Returns a surface enclosed by a closed polygon defined by ‘edges’ and ‘constraints’.

Parameters:
  • edges (list of edges or wires) – edges

  • constraints (list of points or edges) – constraints

  • continuity (GeomAbs_Shape) – OCC.Core.GeomAbs continuity condition

  • degree (int) – >=2

  • nbPtsOnCur (int) – number of points on curve >= 15

  • nbIter (int) – number of iterations >= 2

  • anisotropy (bool) – bool Anisotropy

  • tol2d (float) – 2D tolerance >0

  • tol3d (float) – 3D tolerance >0

  • tolAng (float) – angular tolerance

  • tolCurv (float) – tolerance for curvature >0

  • maxDeg (int) – highest polynomial degree >= 2

  • maxSegments (int) – greatest number of segments >= 2

Return type:

Face

classmethod makeRuledSurface(edgeOrWire1: Edge, edgeOrWire2: Edge) Face[source]
classmethod makeRuledSurface(edgeOrWire1: Wire, edgeOrWire2: Wire) Face

makeRuledSurface(Edge|Wire,Edge|Wire) – Make a ruled surface Create a ruled surface out of two edges or wires. If wires are used then these must have the same number of edges

classmethod makeSplineApprox(points: List[List[Vector]], tol: float = 0.01, smoothing: Tuple[float, float, float] | None = None, minDeg: int = 1, maxDeg: int = 3) Face[source]

Approximate a spline surface through the provided points.

Parameters:
  • points (List[List[Vector]]) – a 2D list of Vectors that represent the points

  • tol (float) – tolerance of the algorithm (consult OCC documentation).

  • smoothing (Tuple[float, float, float] | None) – optional tuple of 3 weights use for variational smoothing (default: None)

  • minDeg (int) – minimum spline degree. Enforced only when smothing is None (default: 1)

  • maxDeg (int) – maximum spline degree (default: 6)

Return type:

Face

normalAt(u: float | int, v: float | int) Tuple[Vector, Vector][source]
normalAt(locationVector: Vector | Tuple[int | float, int | float] | Tuple[int | float, int | float, int | float] | None = None) Vector

Computes the normal vector at the desired location on the face.

Returns:

a vector representing the direction

Parameters:

locationVector (a vector that lies on the surface.) – the location to compute the normal at.
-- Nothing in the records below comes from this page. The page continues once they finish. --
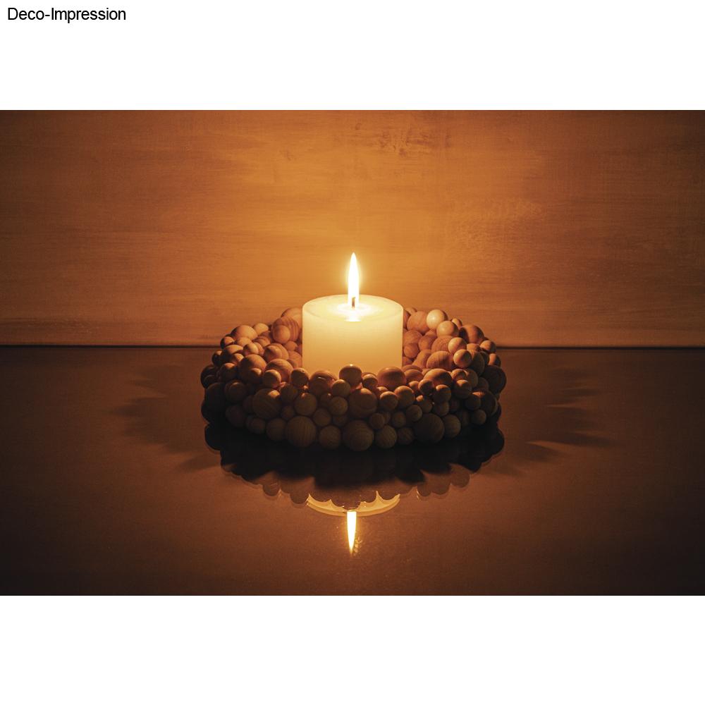 Inhalt: 1 Styroporflachring 17 cm ø, insgesamt 290 Rohholzkugeln in 4 verschiedenen Größen von 10 – 20 mm ø. Zusätzlich wird eine Heißklebepistole mit Heißklebesticks benötigt.
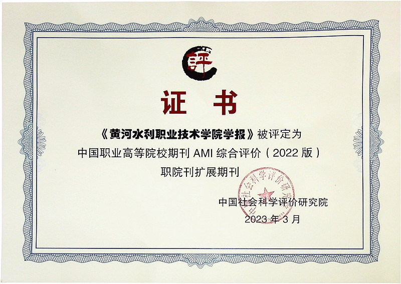 3月31日,由中国社会科学评价研究院主办的“中国职业高等院校期刊AMI综合评价报告(2022版)发布会”在北京成功举行。《黄河水利职业技术学院学报》作为侧重行业应用类期刊,获评AMI(职院刊)扩展期刊。
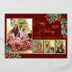 Festive Happy Holidays card with spaces for 4 photos. Tan and green photo frames let the pictures pop from the maroon coloured background. 2 corners have greenery with red berries to add to the festive design. The foil font adds class and gives the card a well rounded touch.
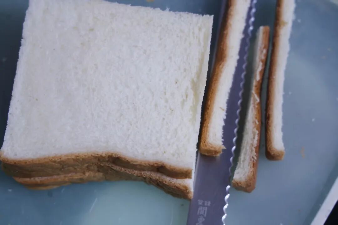 3.吐司切去四边,擀面杖擀薄。
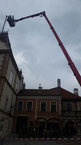 Diese mussten für die Zufahrt und das Aufstellen des Hubsteigers teilweise abgebaut werden, anschließend konnten die noch verbleibenden losen Teile einer Blitzfangstange entfernt werden.
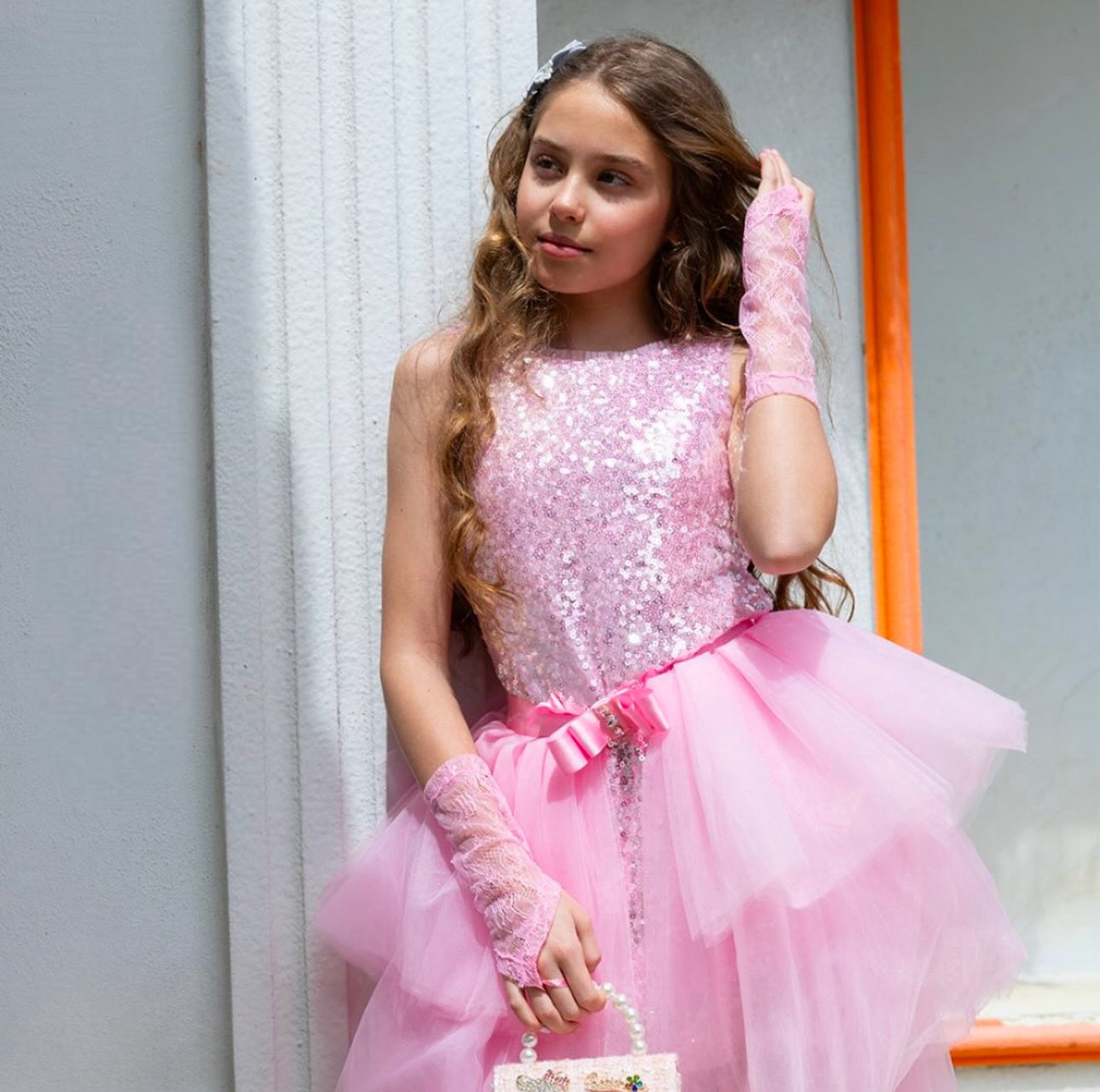 Soft layers of tulle, shimmering sequins, and a pastel pink glow a look made to turn every moment into a celebration 💕
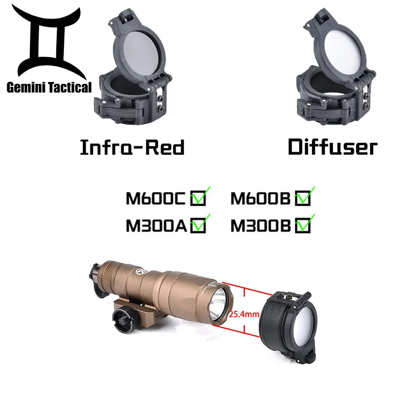 Wadsn-difusor de linterna de explorador de armas M300 M600, filtro de lente infrarroja, cubierta protectora para caza al aire libre, linterna de luz de nailon
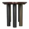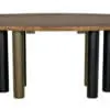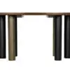 An oval dark walnut-finished table with sculptural columnar legs in matte black and aged brass – a post-modern design that blends warm wood tones with bold metal accents, perfect for modern, minimalist, and industrial interiors.
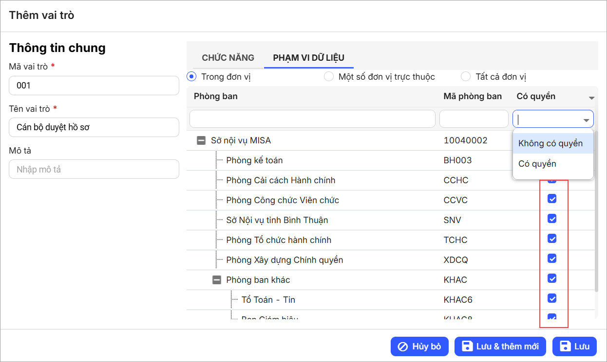 - Tích chọn những đơn vị vai trò có quyền truy cập dữ liệu.
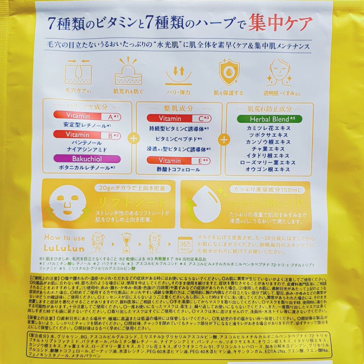 - ルルルンからビタミンたっぷりの化粧水フェイスマスクが新登場。 7種類のビタミン※1と7種類のハーブ※1で肌全体を素早くケア&集中肌メンテナンス。 新開発のフェイスラインに密着するシートで肌を引き締めながら肌のすみずみ※2までうるおいで満たし、毛穴の目立たないうるおいたっぷりの“水光肌”へ。 (※1 全て保湿成分として ※2 角質層まで)
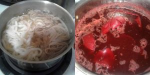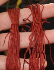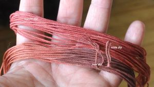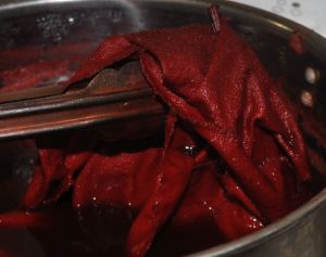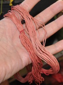 Oh so close to disaster! My brain must have done a fancy flip of some sort, because on Saturday i was bemoaning to Greyman, that i couldn’t seem to get the madder pot to 140C. He most emphatically with gestures and other well chosen words reminded me that boiling point of water is 120C, and WHY WOULD I WANT IT THAT HOT????? Oh BUGGER…that’s the Fahrenheit temp, the Celsius should be 60!!!!!!!!!!!! I whipped the pot off the burner just as it reached 70C, and fortunately the short time at that temp doesn’t seem to have hurt the results too much. (Too high a temp with madder, and you destroy the reds, and get browns only.)
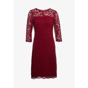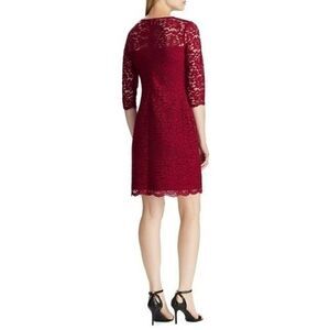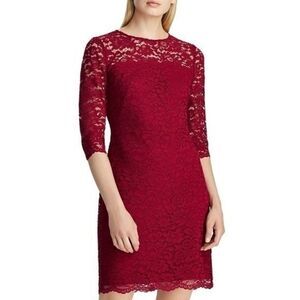 New! RALPH LAUREN Women's Floral Lace Sheath Red Dress Scalloped Hem Size 12
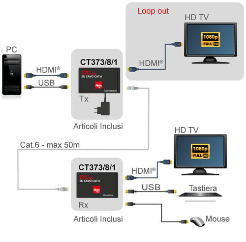 L'extender CT373/8/1 è un dispositivo in grado di estendere la lunghezza dei cavi HDMI utilizzando un singolo cavo Cat.6 e include una unità trasmettitore (Tx) e una unità ricevitore (Rx). E' possibile collegare al trasmettitore(Tx) un PC tramite cavo USB e collegare al ricevitore(Rx) due diverse periferiche (mouse e tastiera per esempio) sempre tramite cavo USB che comunicano direttamente con il PC. ** Specifiche ** - Coppia di moduli plug-and-play, TX + RX - Estensione su singolo cavo CAT.6 IEEE-568B - Installazione plug and play, nessun driver o software richiesto - Risoluzioni supportate: 480i@60Hz, 480p@60Hz, 576i@60Hz, 576p@60Hz, 720p@50/60Hz, 1080i@50/60Hz, 1080p@30Hz, 1080p@50/60Hz - Distanza di trasmissione del segnale: - max 50m (utilizzandocavo Cat.5e/6 AWG24). ** Caratteristiche ** Tipologia: Trasmettitore+Ricevitore Tecnologia trasmissione: Standard 1xCat. 5e/6 Tipo Extender: HDMI® Distanza Extender: 50m Compatibile 3D: no Compatibile 4K: no Topologia collegamento: 1:1 Profondità colore: 8bit/canale Funzioni aggiuntive: USB, PoC, Loop-Out ** Installazione ** Montaggio: Desktop ** Specifiche HDMI ** - Blu-ray e HD DVD in Full HD (1080p) - Larghezza di banda fino a 10.2Gbps totali ** Connessioni ** Trasmettitore - Connettore HDMI (Ingresso) - Connettore USB - Connettore RJ45 Ricevitore - Connettore HDMI (Uscita) - Connettore RJ45 - 2 connettori USB Dimensioni: 109x76,5x25,4mm ** Contenuto confezione ** 1x Trasmettitore 1x Ricevitore 1x Alimentatore 12Vdc 1A 1x Cavo USB da spina "tipoA" a spina "tipo B"

If none, the center of the face is used.

Return type:

Vector

Computes the normal vector at the desired location in the u,v parameter space.

Returns:

a vector representing the normal direction and the position

Parameters:
  • u – the u parametric location to compute the normal at.

  • v – the v parametric location to compute the normal at.

  • locationVector (Vector | Tuple[int | float, int | float] | Tuple[int | float, int | float, int | float] | None)

Return type:

Vector

normals(us: Iterable[float | int], vs: Iterable[float | int]) Tuple[List[Vector], List[Vector]][source]

Computes the normal vectors at the desired locations in the u,v parameter space.

Returns:

a tuple of list of vectors representing the normal directions and the positions

Parameters:
  • us (Iterable[float | int]) – the u parametric locations to compute the normal at.

  • vs (Iterable[float | int]) – the v parametric locations to compute the normal at.

Return type:

Tuple[List[Vector], List[Vector]]

thicken(thickness: float) Solid[source]

Return a thickened face

Parameters:

thickness (float)

Return type:

Solid

toArcs(tolerance: float = 0.001) Face[source]

Approximate planar face with arcs and straight line segments.

Parameters:

tolerance (float) – Approximation tolerance.

Return type:

Face

toPln() gp_Pln[source]

Convert this face to a gp_Pln.

Note the Location of the resulting plane may not equal the center of this face, however the resulting plane will still contain the center of this face.

Return type:

gp_Pln

trim(u0: float | int, u1: float | int, v0: float | int, v1: float | int, tol: float | int = 1e-06) Face[source]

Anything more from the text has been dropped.